Task statement: Below are the records; give again exactly the lines from the one containing "420g container of" through the one containing "유럽식 풀 솔리드 우드", leaving out pictures.

Source material:
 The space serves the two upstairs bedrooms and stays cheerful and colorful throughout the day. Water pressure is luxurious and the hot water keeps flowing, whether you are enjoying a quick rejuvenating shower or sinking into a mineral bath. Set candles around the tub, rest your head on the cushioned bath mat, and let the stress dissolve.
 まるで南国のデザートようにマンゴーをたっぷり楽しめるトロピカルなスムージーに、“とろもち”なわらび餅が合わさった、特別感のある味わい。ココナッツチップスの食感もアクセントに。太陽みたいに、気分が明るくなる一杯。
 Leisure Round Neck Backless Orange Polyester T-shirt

--

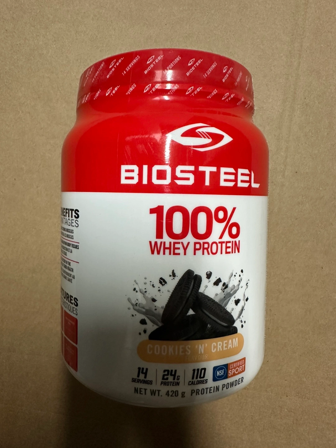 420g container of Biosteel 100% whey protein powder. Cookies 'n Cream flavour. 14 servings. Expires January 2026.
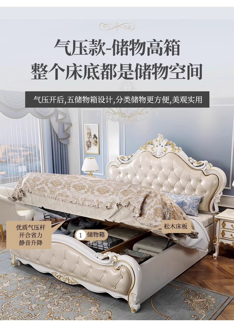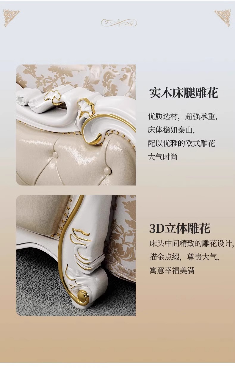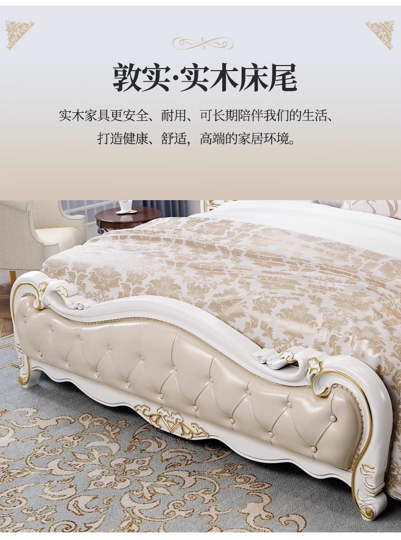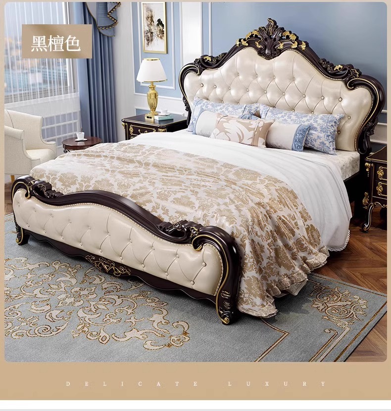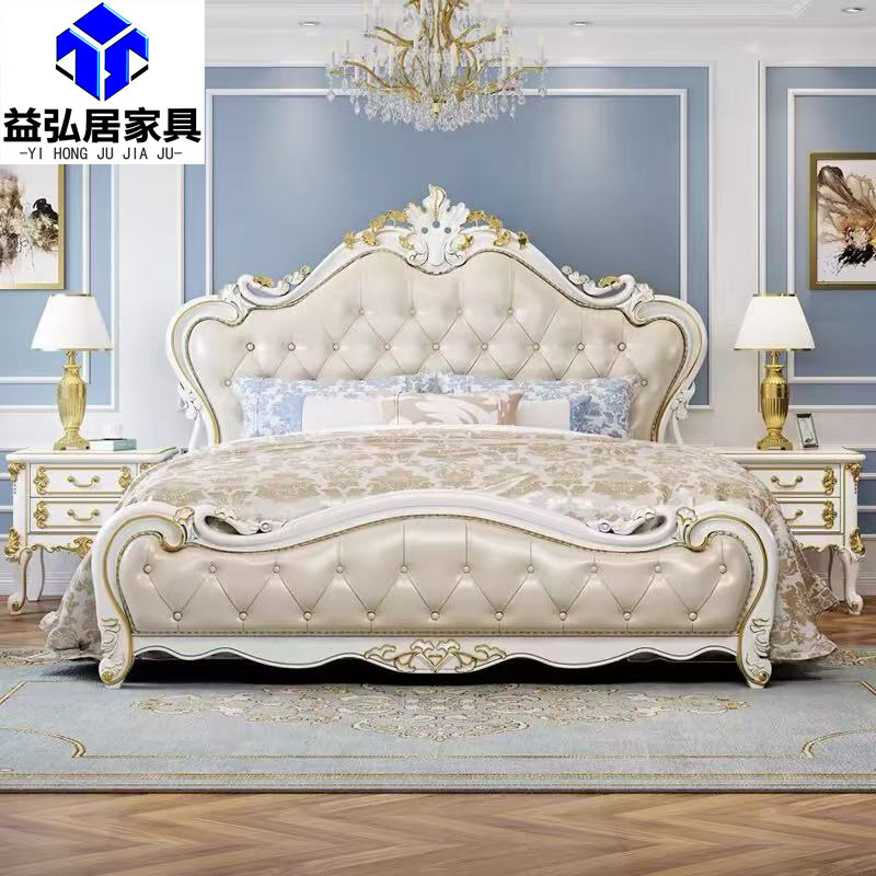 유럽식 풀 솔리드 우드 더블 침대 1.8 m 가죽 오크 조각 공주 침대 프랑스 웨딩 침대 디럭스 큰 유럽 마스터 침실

Response to the task:
 420g container of Biosteel 100% whey protein powder. Cookies 'n Cream flavour. 14 servings. Expires January 2026.
 유럽식 풀 솔리드 우드 더블 침대 1.8 m 가죽 오크 조각 공주 침대 프랑스 웨딩 침대 디럭스 큰 유럽 마스터 침실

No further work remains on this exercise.